* [Provided material]
....

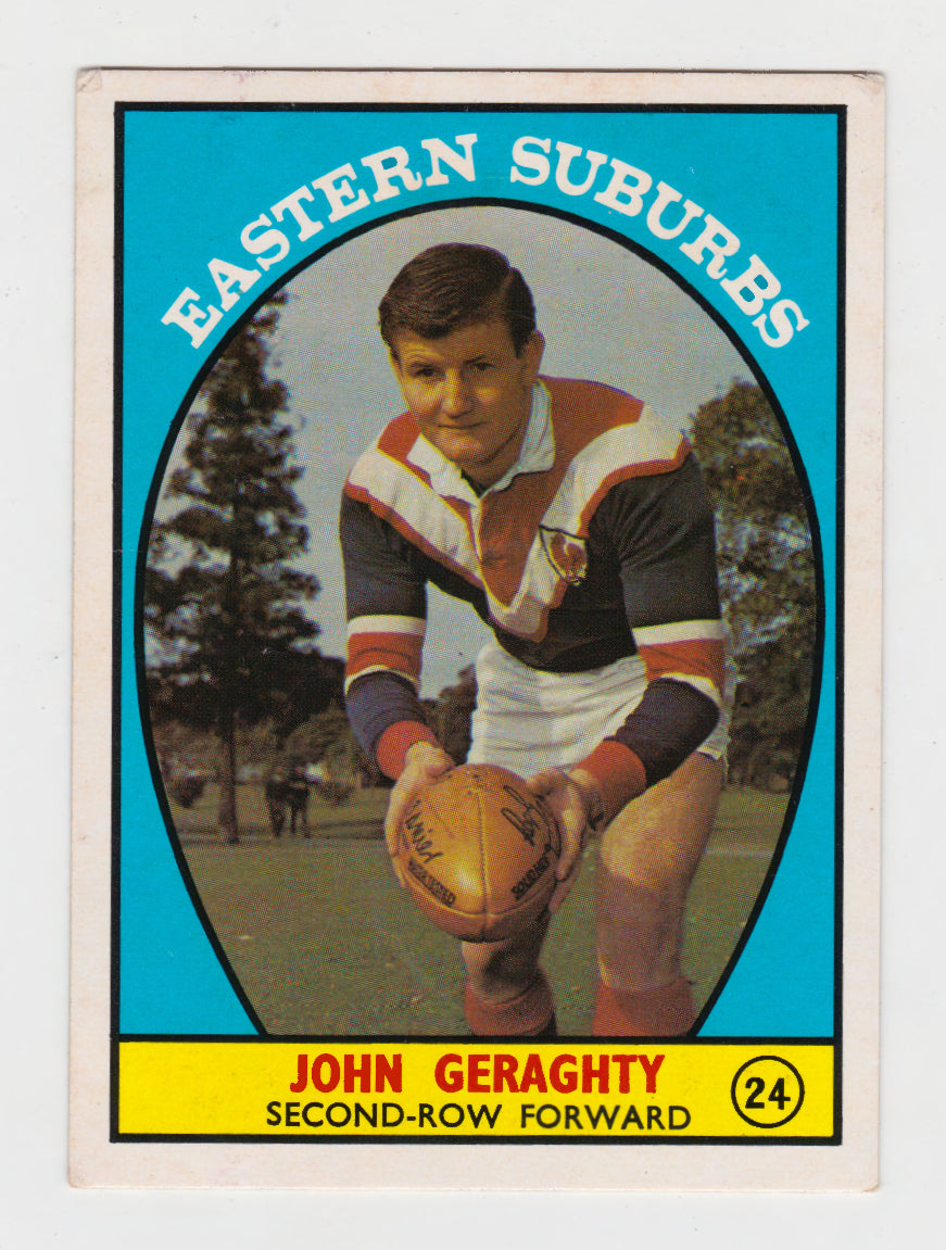 Scanlens 1968 A Grade NRL Football Card #24 - John Geraghty - Earstern Suburbs
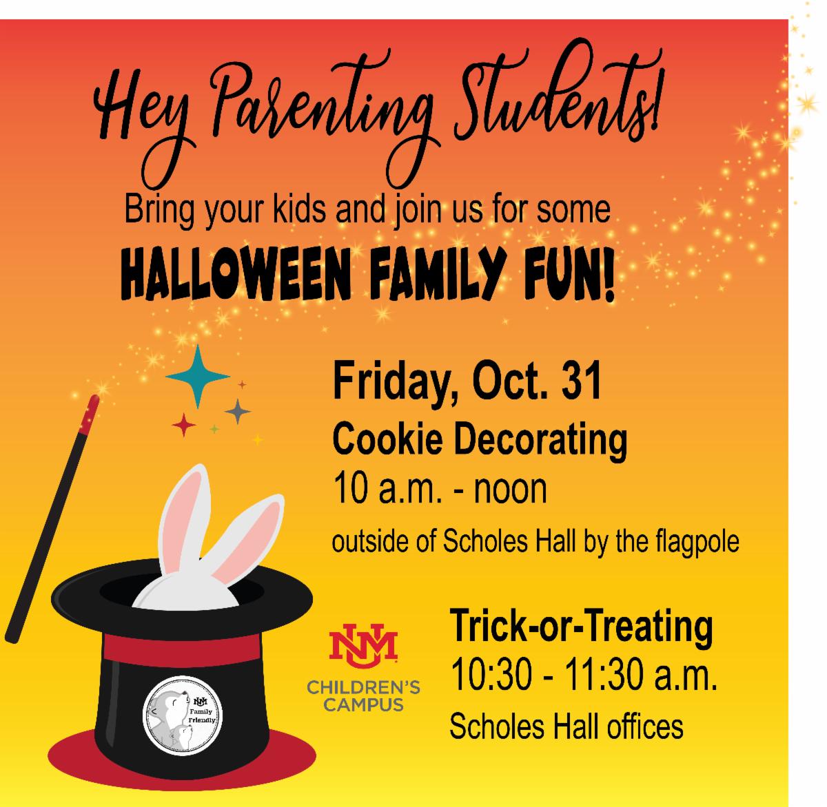 The celebration begins Monday, Nov. 3, with two events: a kickoff at the College of Nursing from 11:30 a.m. to 1:30 p.m., and a Parenting Students Lunch & Learn in SUB Room 1034 from 11:30 a.m. to 12:30 p.m.
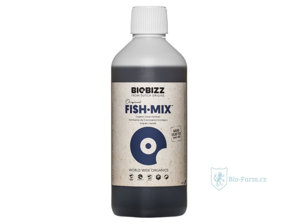 BioBizz Fish-Mix je 100% organický doplněk pro rostliny v růstu a květu. BioBizz Fish Mix významně vylepšuje mikrobiologický život v půdě (hlavně kolem kořenů) a zrychluje růst rostlin. Jedná se o výluh z organické rybí emulze ze Severního moře smíchané s extraktem z holandské cukrové řepy. Je velmi aromatický, a proto je možná vhodnější pro outdoor pěstování.
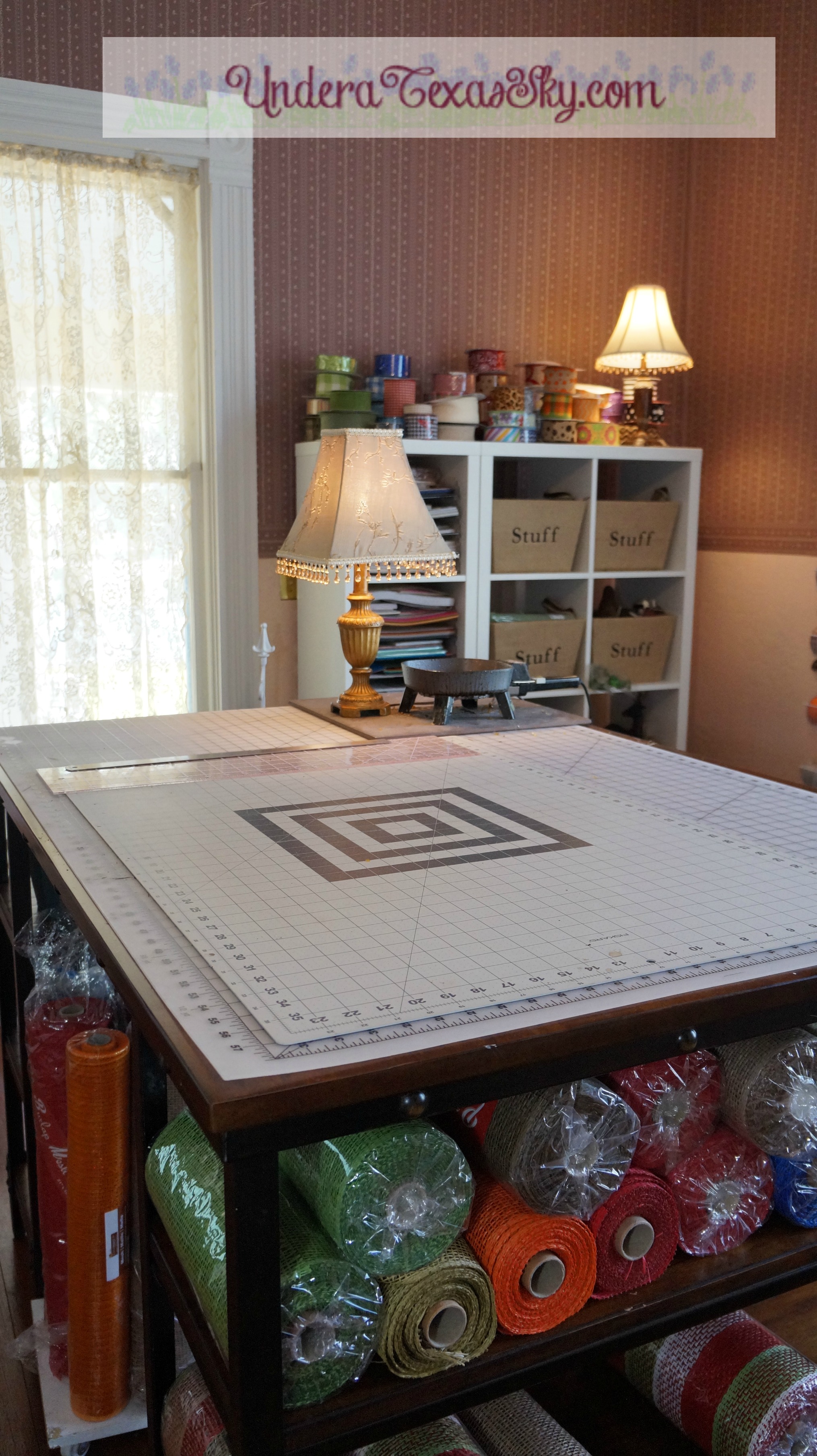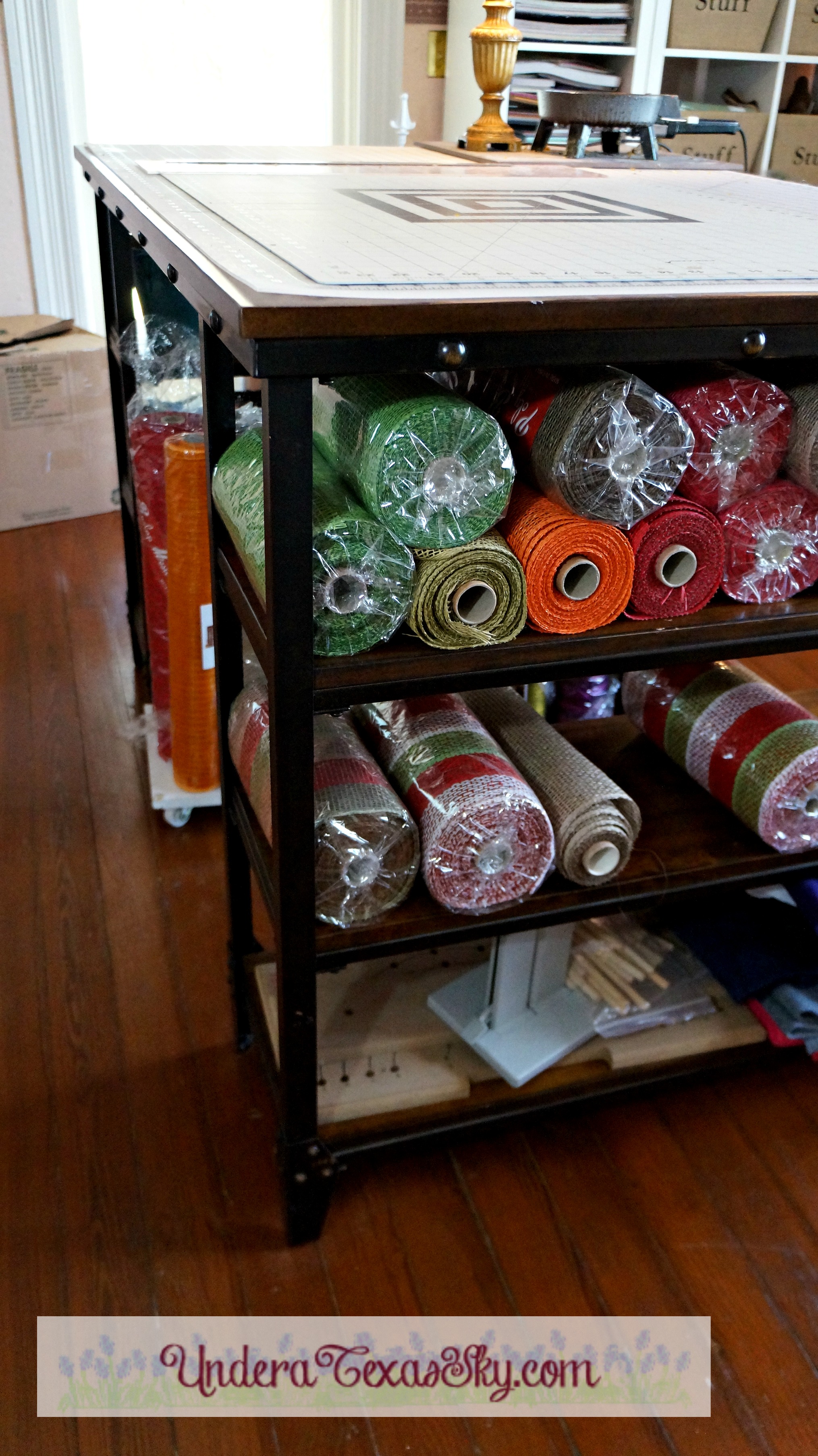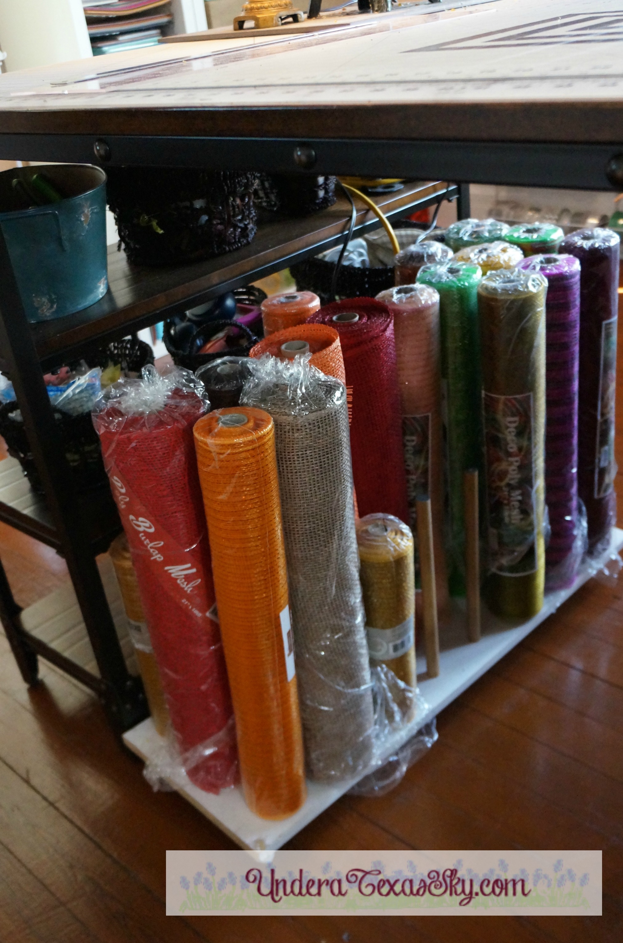 I have a craft table in addition to the side cabinets. Some craft rooms don’t have room for both a table and the cabinets. If there’s a choice between the two, I’d choose the table. Ours is nice because it came with shelves on each end. I think Nebraska Furniture Mart carries this table if you were looking for one like it. If you have a smaller space and need to make your own table to your measurements, you can totally do this also! Our first craft room was a 10×11 bedroom. The shelves of my current table are great for holding baskets. Oh yeah, baskets are cheap storage solutions. I keep my scissors, wire cutters, flower scraps, hot glue pellets, etc. in baskets. Fat rolls of poly burlap mesh also fit nicely on the shelves. The Mean Man made a nice cart to hold my 21″ mesh rolls.
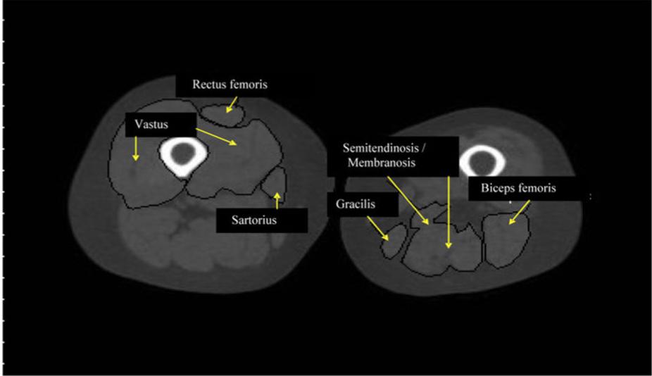 尽管这样的定义贴近临床,可操作性强,但因为神经重症患者普遍存在的意识障碍,因癫痫、躁动等原因导致临床镇静镇痛及肌松药物的使用,以及因损伤而引起偏瘫、运动能力丧失、肌张力增高等临床情况,导致运用量表以及握力计等需要患者参与度高的方式实施肌少症的评估存在难度。同时,传统的肌少症检查的辅助手段,例如生物电阻抗,双能X线[9-10]等,受患者转运、设备等条件限制也无法实施。一些新的途径和方法尚在探索阶段[11-12],整体来看,目前大多的研究主要聚焦在利用影像技术(CT或磁共振)测量某个截面上肌肉的面积,藉此判断骨骼肌的损失与预后之间的关系。Ryan通过磁共振对比卒中后患者偏瘫侧与健侧股四头肌肌肉,发现两者存在着显著的差异(见图 1)。
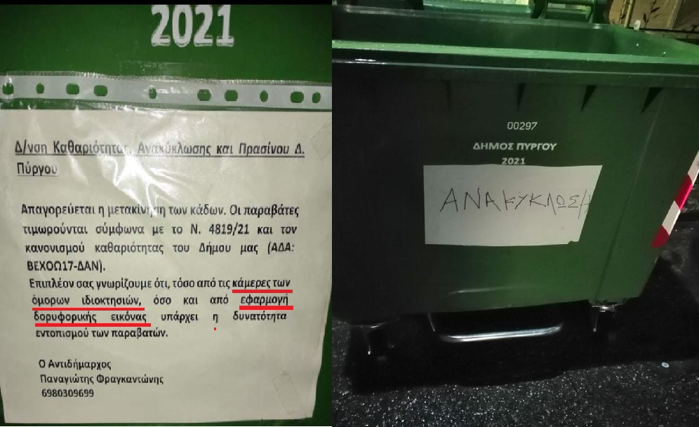 Αυτές τις ημέρες σε κάποιους κάδους υπάρχει κολλημένο πάνω ένα χαρτί που γράφει “Διεύθυνση Καθαριότητας, Ανακύκλωσης και Πρασίνου Δήμου Πύργου, Απαγορεύεται η μετακίνηση των κάδων. Οι παραβάτες τιμωρούνται. Επιπλέον σας γνωρίζουμε ότι τόσο από τις κάμερες των όμορων ιδιοκτησιών όσο και από εφαρμογή δορυφορικής εικόνας υπάρχει η δυνατότητα εντοπισμού των παραβατών.”
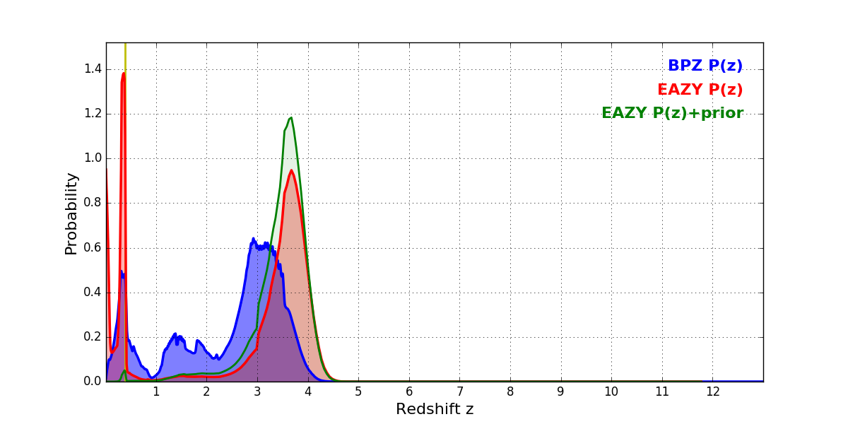 In P(z) plots: Yellow lines mark the cluster redshift z = 0.383,
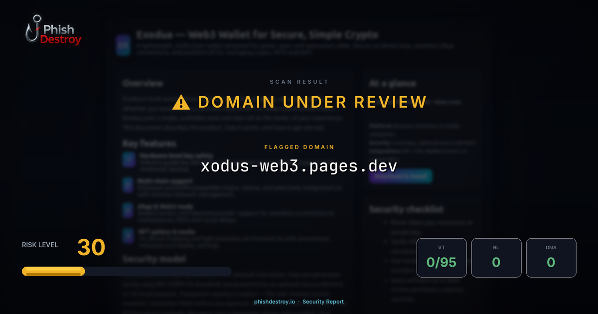 xodus-web3.pages.dev has been listed on PhishDestroy as a suspicious domain. Scanned by 95 security vendors — automated detections may take time to update. PhishDestroy threat analysts continue to monitor this domain.
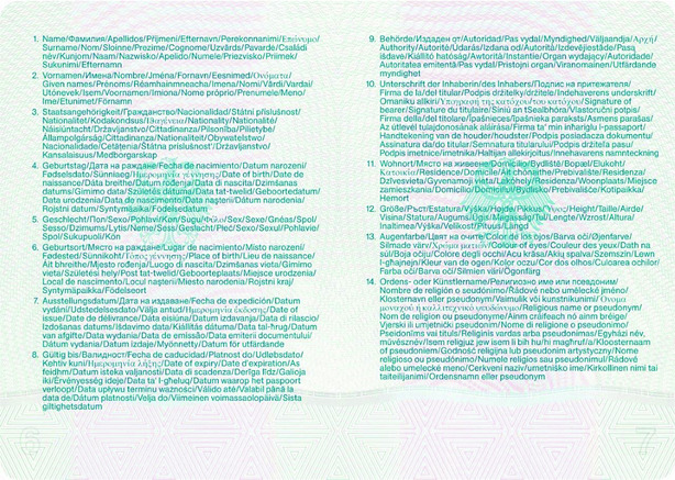 | Feld Nr. | Feldbezeichnung | Schriftgröße 1 Schriftfont des Passherstellers Schriftgröße 2,0 mm |

....

* [Prompt]
An exact copy of the records is required. Pictures do not belong in it.

* [Problem solution]
 Scanlens 1968 A Grade NRL Football Card #24 - John Geraghty - Earstern Suburbs
 The celebration begins Monday, Nov. 3, with two events: a kickoff at the College of Nursing from 11:30 a.m. to 1:30 p.m., and a Parenting Students Lunch & Learn in SUB Room 1034 from 11:30 a.m. to 12:30 p.m.
 BioBizz Fish-Mix je 100% organický doplněk pro rostliny v růstu a květu. BioBizz Fish Mix významně vylepšuje mikrobiologický život v půdě (hlavně kolem kořenů) a zrychluje růst rostlin. Jedná se o výluh z organické rybí emulze ze Severního moře smíchané s extraktem z holandské cukrové řepy. Je velmi aromatický, a proto je možná vhodnější pro outdoor pěstování.
 I have a craft table in addition to the side cabinets. Some craft rooms don’t have room for both a table and the cabinets. If there’s a choice between the two, I’d choose the table. Ours is nice because it came with shelves on each end. I think Nebraska Furniture Mart carries this table if you were looking for one like it. If you have a smaller space and need to make your own table to your measurements, you can totally do this also! Our first craft room was a 10×11 bedroom. The shelves of my current table are great for holding baskets. Oh yeah, baskets are cheap storage solutions. I keep my scissors, wire cutters, flower scraps, hot glue pellets, etc. in baskets. Fat rolls of poly burlap mesh also fit nicely on the shelves. The Mean Man made a nice cart to hold my 21″ mesh rolls.
 尽管这样的定义贴近临床,可操作性强,但因为神经重症患者普遍存在的意识障碍,因癫痫、躁动等原因导致临床镇静镇痛及肌松药物的使用,以及因损伤而引起偏瘫、运动能力丧失、肌张力增高等临床情况,导致运用量表以及握力计等需要患者参与度高的方式实施肌少症的评估存在难度。同时,传统的肌少症检查的辅助手段,例如生物电阻抗,双能X线[9-10]等,受患者转运、设备等条件限制也无法实施。一些新的途径和方法尚在探索阶段[11-12],整体来看,目前大多的研究主要聚焦在利用影像技术(CT或磁共振)测量某个截面上肌肉的面积,藉此判断骨骼肌的损失与预后之间的关系。Ryan通过磁共振对比卒中后患者偏瘫侧与健侧股四头肌肌肉,发现两者存在着显著的差异(见图 1)。
 Αυτές τις ημέρες σε κάποιους κάδους υπάρχει κολλημένο πάνω ένα χαρτί που γράφει “Διεύθυνση Καθαριότητας, Ανακύκλωσης και Πρασίνου Δήμου Πύργου, Απαγορεύεται η μετακίνηση των κάδων. Οι παραβάτες τιμωρούνται. Επιπλέον σας γνωρίζουμε ότι τόσο από τις κάμερες των όμορων ιδιοκτησιών όσο και από εφαρμογή δορυφορικής εικόνας υπάρχει η δυνατότητα εντοπισμού των παραβατών.”
 In P(z) plots: Yellow lines mark the cluster redshift z = 0.383,
 xodus-web3.pages.dev has been listed on PhishDestroy as a suspicious domain. Scanned by 95 security vendors — automated detections may take time to update. PhishDestroy threat analysts continue to monitor this domain.
 | Feld Nr. | Feldbezeichnung | Schriftgröße 1 Schriftfont des Passherstellers Schriftgröße 2,0 mm |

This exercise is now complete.